I have found out that if I have a MAX = 10000 (as in the example), I can calculate up to 3250! If I try with 3251! I get a 'Abort trap: 6' message. Why is that number? Where does it come from?
Which would be the difference if I compile this code for a 32-bit machine with the flag -m32? Would it run he same as in 64-bit?
Thanks!
As Scott Hunter points out, MAX is the maximum number of elements in the fact and arr arrays, which means it's the maximum number of digits that can occur in the result before the program runs out of space.
Note that the code only uses MAX in its array declarations. Nowhere does it use MAX to determine whether or not it's trying to read from or write to memory beyond the end of those arrays. This is a Bad Thing™. Your "Abort trap: 6" error is almost certainly occurring because trying to compute 3251! is doing exactly that: using a too-large index with arr and fact.
To see the number of digits required for a given factorial, you can increase MAX (say, to 20,000) and replace the existing printf calls in main with something like this:
printf("Factorial requires %d digits.\n", length + 1);
Note that I use length + 1 because length isn't the number of digits by itself: rather, it's the index of the array position in fact that contains the most-significant digit of the result. If I try to compute 3251!, the output is:
Factorial requires 10008 digits.
This is eight digits more than you have available in fact with the default MAX value of 10,000. Once the program logic goes beyond the allocated space in the array, its behavior is undefined. You happen to be seeing the error "Abort trap: 6."
Interestingly, here's the output when I try to compute 3250!:
Factorial requires 10005 digits.
That's still too many for the program to behave reliably when MAX is set to 10,000, so the fact that your program calculates 3250! successfully might be surprising, but that's the nature of undefined behavior: maybe your program will produce the correct result, maybe it will crash, maybe it will become self-aware and launch its missiles against the targets in Russia (because it knows that the Russian counterattack will eliminate its enemies over here). Coding like this is not a good idea. If your program requires more space than it has available in order to complete the calculation, it should stop and display an appropriate error message rather than trying to continue what it's doing.
MAX is the number of elements in fact and arr; trying to access an element with an index >= MAX would be bad.
Error messages are often specific to the environment you are using, which you have provided no details for.

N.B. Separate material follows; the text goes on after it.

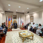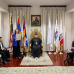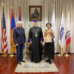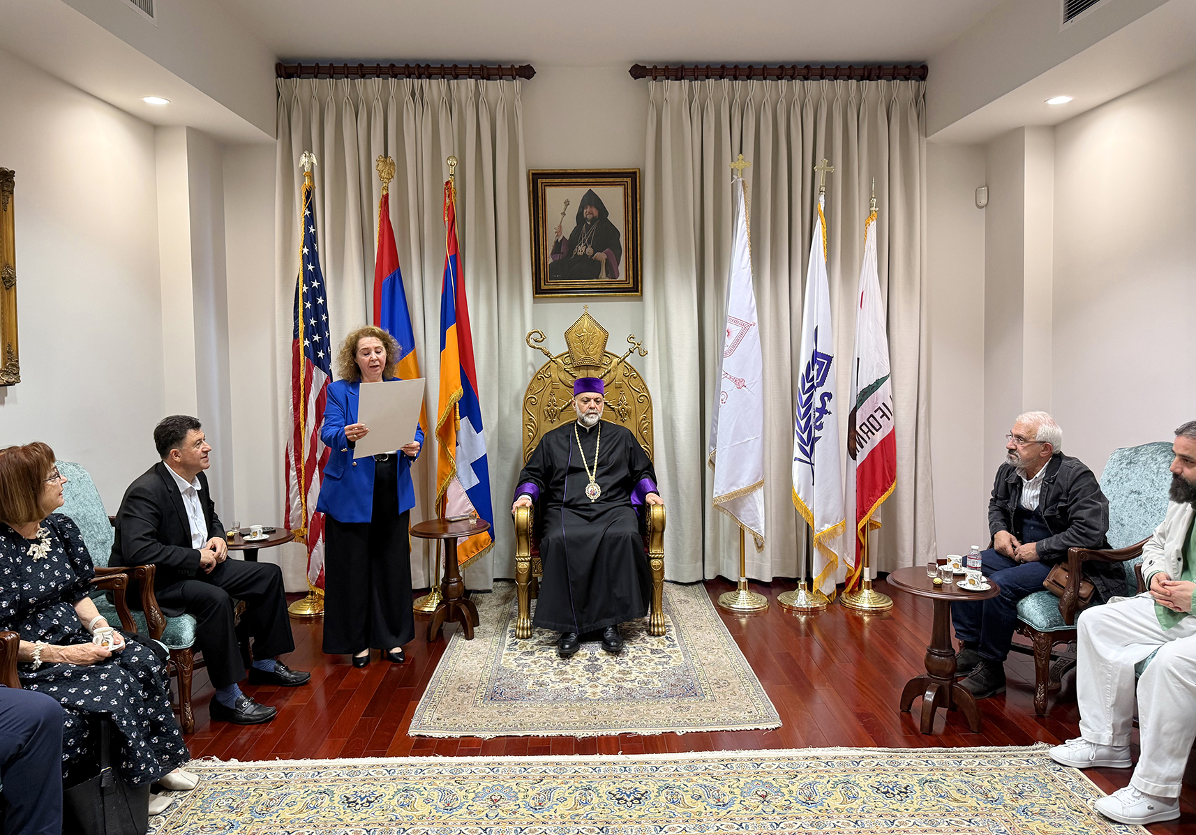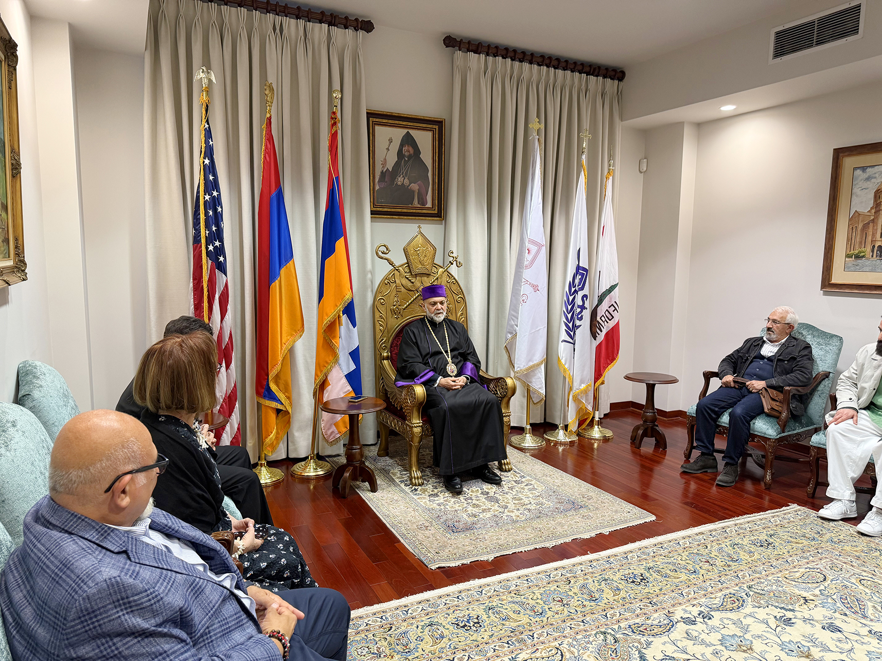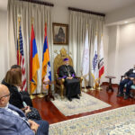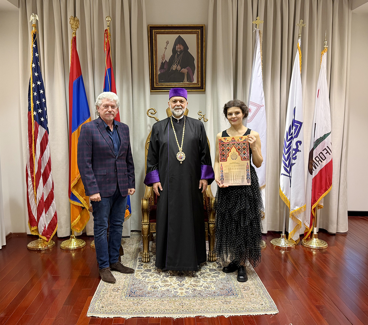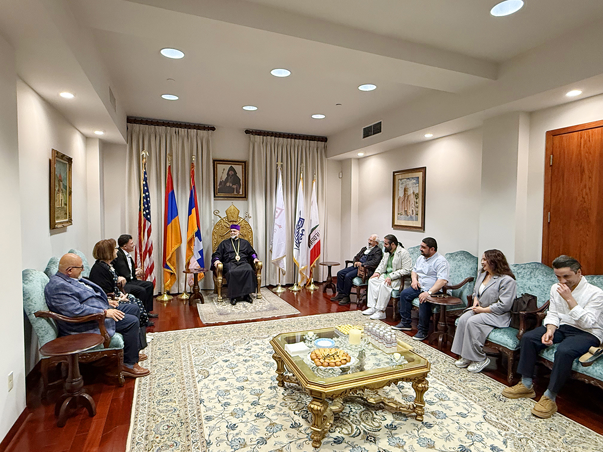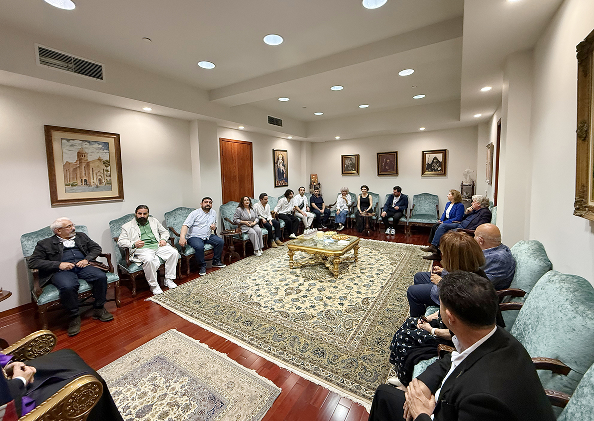 Ուրբաթ, 3 Ապրիլ 2026-ի առաւօտեան, Արեւմտեան Թեմի Առաջնորդ՝ Գերշ. Տ. Գեղամ Ս. Արք. Խաչերեան, Ազգ. Առաջնորդարանի մէջ ընդունեց այցելութիւնը Հայաստանի Սօս Սարգսեանի անուան Համազգայինի թատերախումբին, որ ներկայիս Լոս Անճելըս կը գտնուի՝ թատերական չորս գործեր ներկայացնելու ծրագիրով, գլխաւորութեամբ գեղարուեստական ղեկավար եւ բեմադրիչ Տիկին Նարինէ Գրիգորեանի, հիւրընկալութեամբ Արեւմտեան Ամերիկայի շրջանի Համազգայինի Շրջանային վարչութեան: Թատերախումբին մաս կը կազմէ նաեւ հայրենի դերասան եւ բեմադրիչ Դաւիթ Յակոբեան:

They are not the same, but the differences (for example, the size of pointers) should not affect this code in any discernible way.
I have just started competitive programming in SPOJ.I'm confused from sometime why i'm getting runtime error in ideone.The question is:
A positive integer is called a palindrome if its representation in the decimal system is the same when read from left to right and from right to left. For a given positive integer K of not more than 1000000 digits, write the value of the smallest palindrome larger than K to output. Numbers are always displayed without leading zeros.
Input
The first line contains integer t, the number of test cases. Integers K are given in the next t lines.
Output
For each K, output the smallest palindrome larger than K.
Example
Input:
2
808
2133
Output:
818
2222
My program:
#include <stdio.h>
int main(void)
{
int t,i,reverse,same;
scanf("%d",&t); //t is no. of test cases
int num[t]; //num[t] is array of t elements
for(i=0;i<t;i++)
scanf("%d",&num[i]);
i=0; //since i will be equal to t therefore i is assigned to 0.
while(t--)
{
if(num[i]<=1000000)
{
while(num[i]++)
{
reverse=0;
same=num[i];
while(same>0)
{
reverse=reverse*10;
reverse=reverse+same%10;
same=same/10;
}
if(reverse==num[i])
printf("%d",reverse);
printf("\n");
if(reverse==num[i])
break;
}
}
i++;
}
return 0;
}
I don't know where i'm wrong.I'm sorry i'm asking this question may this question is asked by someone before.I tried to find the result but could not get the answer.Thankyou in advance and sorry for my bad english.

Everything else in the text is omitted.